Pandas reset_index() to convert Multi-Index to Columns

We can simplify the multi-index dataframe using reset_index() function in Pandas. By default, Pandas reset_index() converts the indices to columns.

Pandas agg() function to summarize grouped data

Now the simple dataframe is ready for further downstream analysis. One nagging issue is that using mean() function on grouped dataframe has the same column names. Although now we have mean values of the three columns. One can manually change the column names. Another option is to use Pandas agg() function instead of mean().

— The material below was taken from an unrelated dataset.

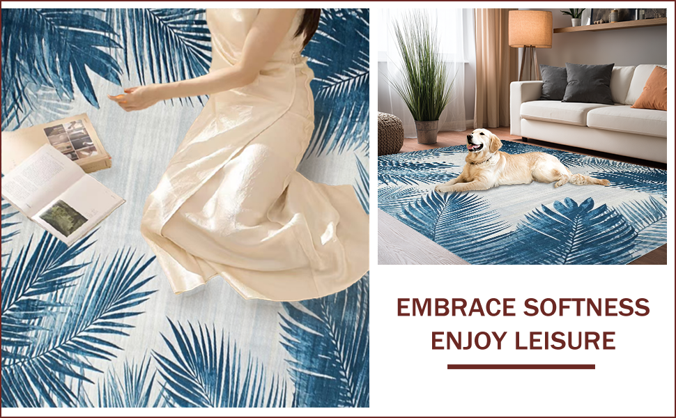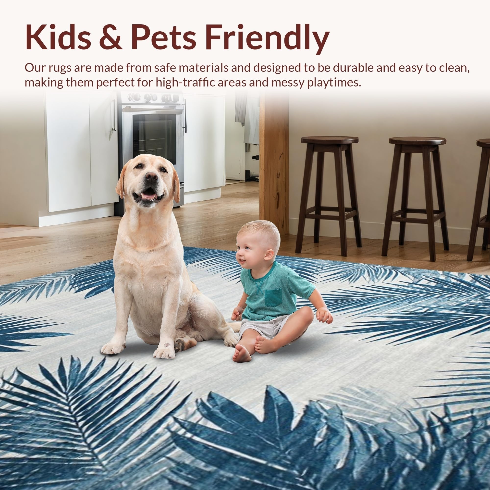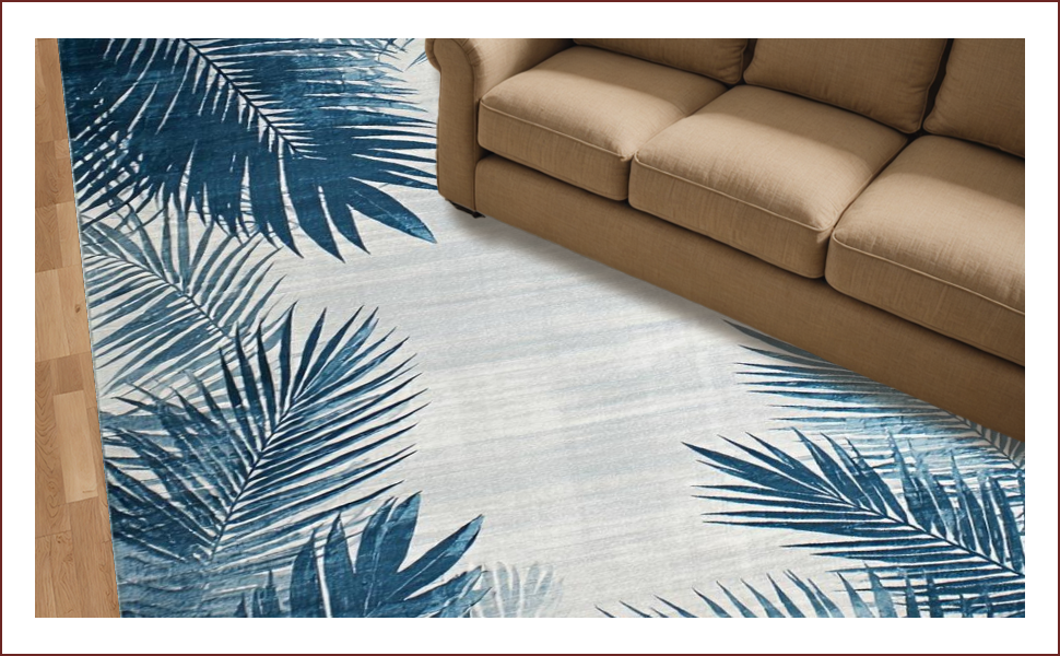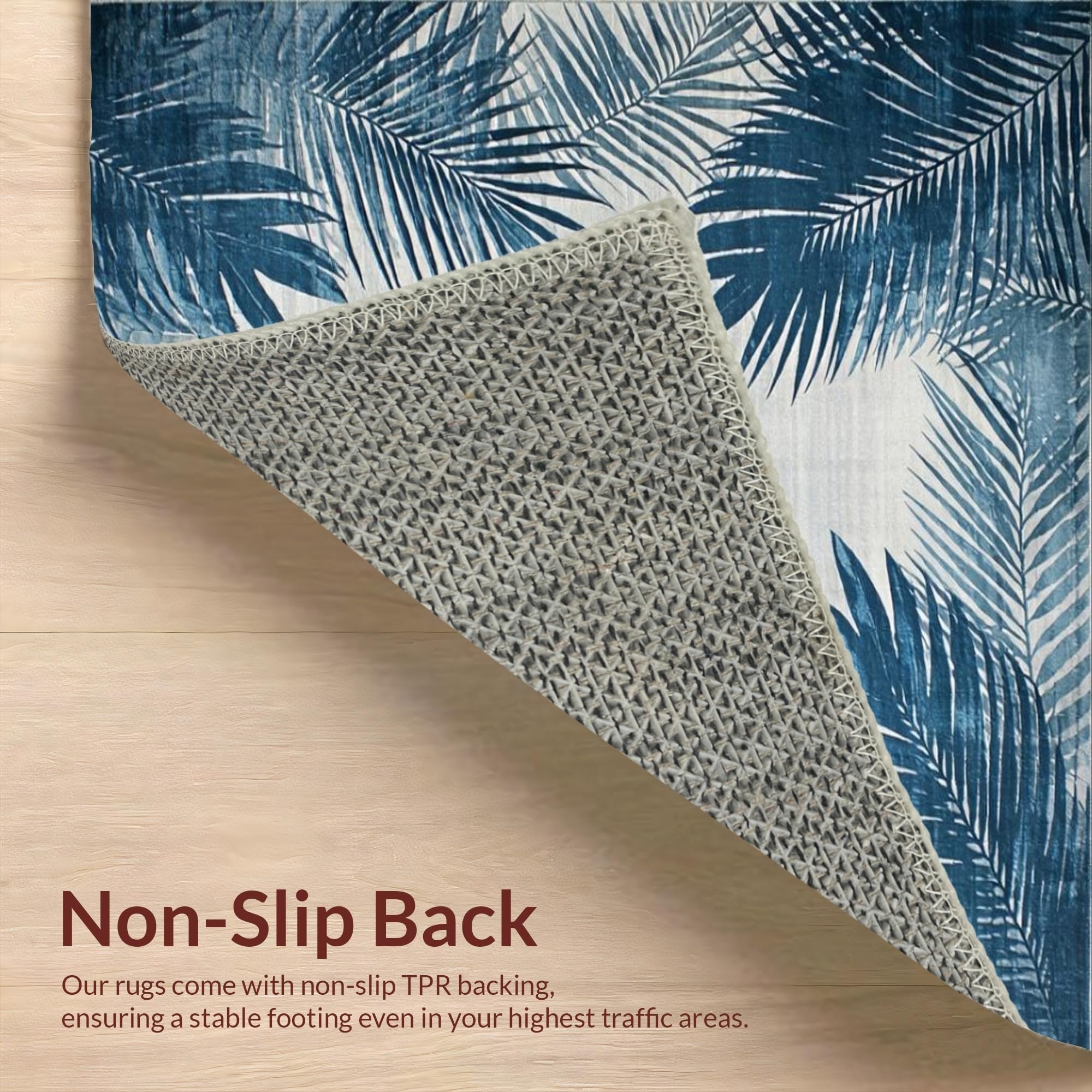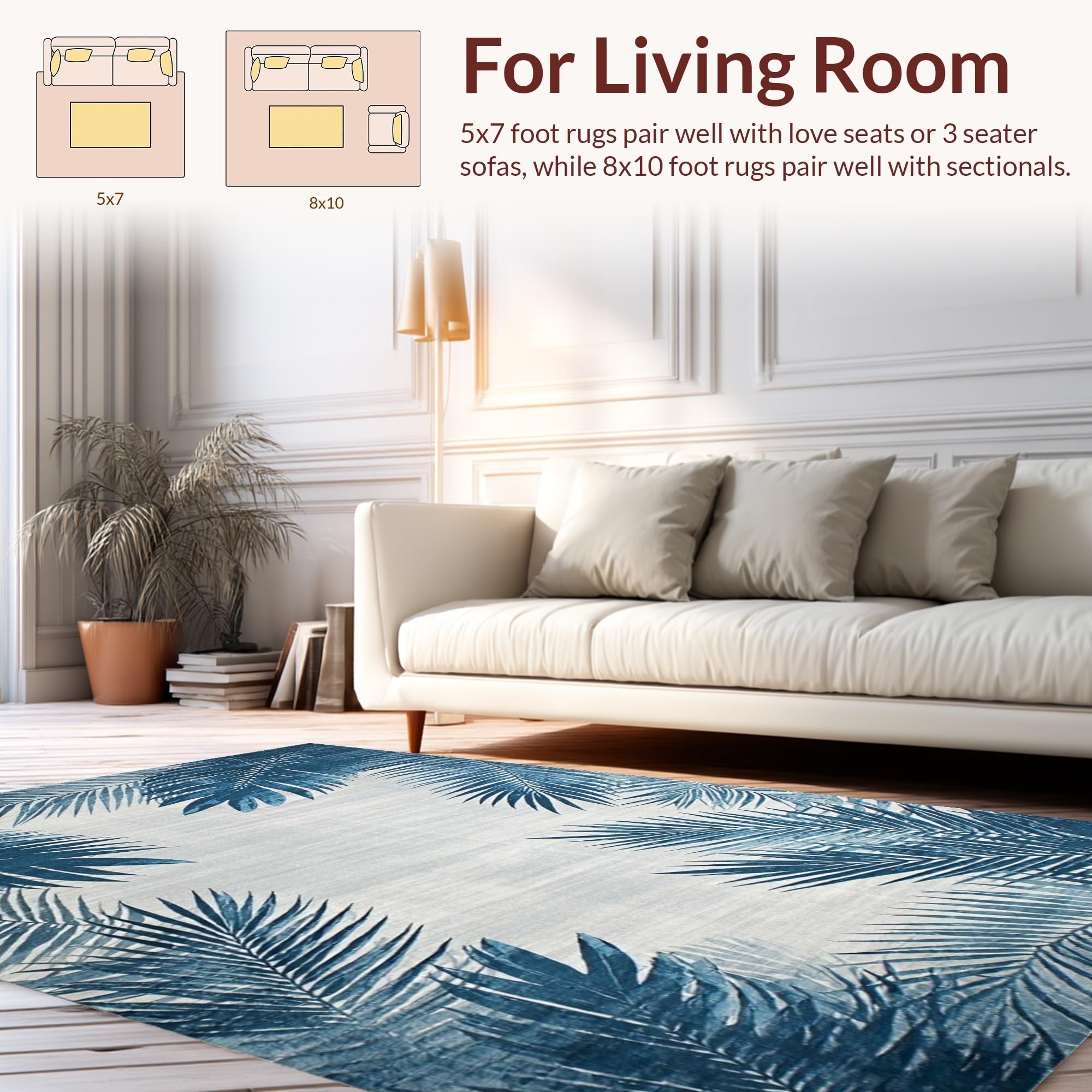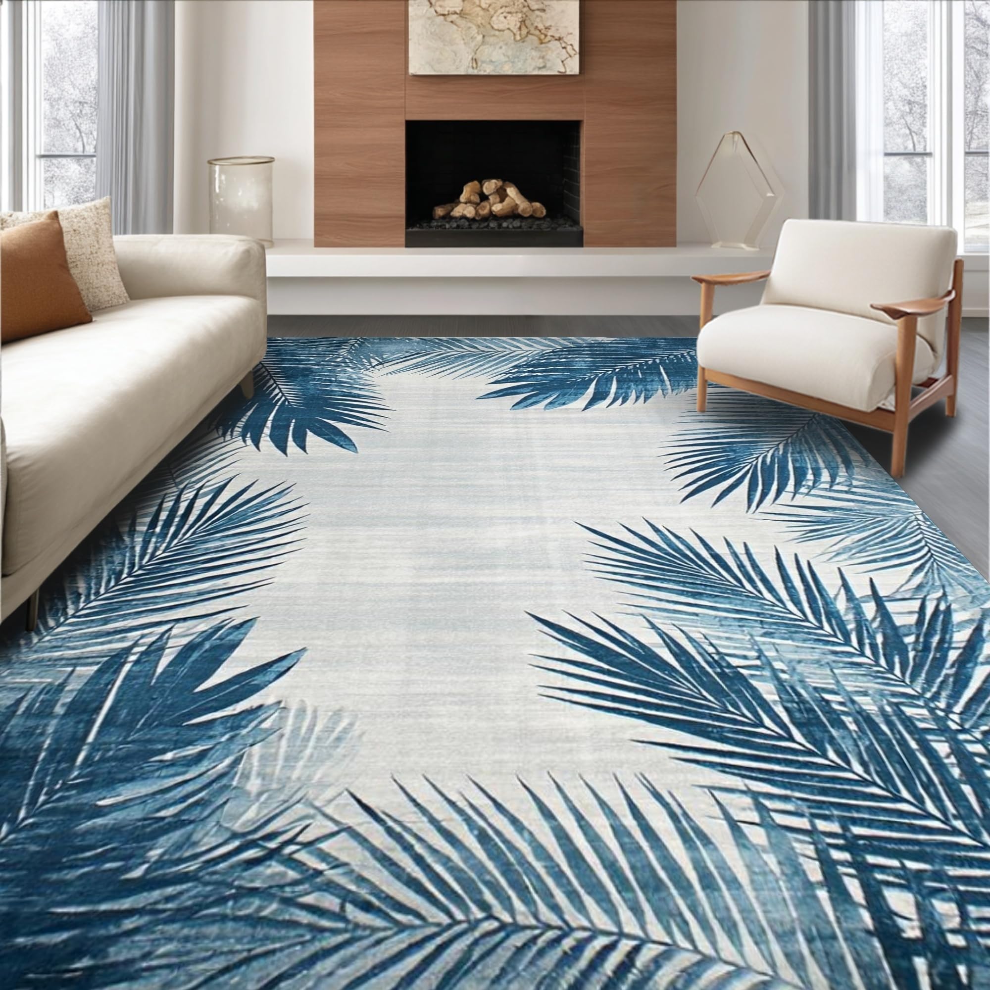 Ultra Soft Area Rug, Non Slip, Stain Resistant, Washable Area Rugs for Living Room, Bedroom, Coastal Nautical Floral Essence(Blue) Overview:

With agg() function, we need to specify the variable we need to do summary operation. In this example, we have three variables and we want to compute mean. We can specify that as a dictionary to agg() function.

Now we get mean population, life expectancy, gdpPercap for each year and continent. We again get a multi-indexed dataframe with continent and year as indices and three columns. And it looks like this.

Accessing Column Names and Index names from Multi-Index Dataframe

Pandas Most Common

Let us check the column names of the resulting dataframe. Now we get a MultiIndex names as a list of tuples. Each tuple gives us the original column name and the name of aggregation operation we did. In this example, we used mean. It can be other summary operations as well.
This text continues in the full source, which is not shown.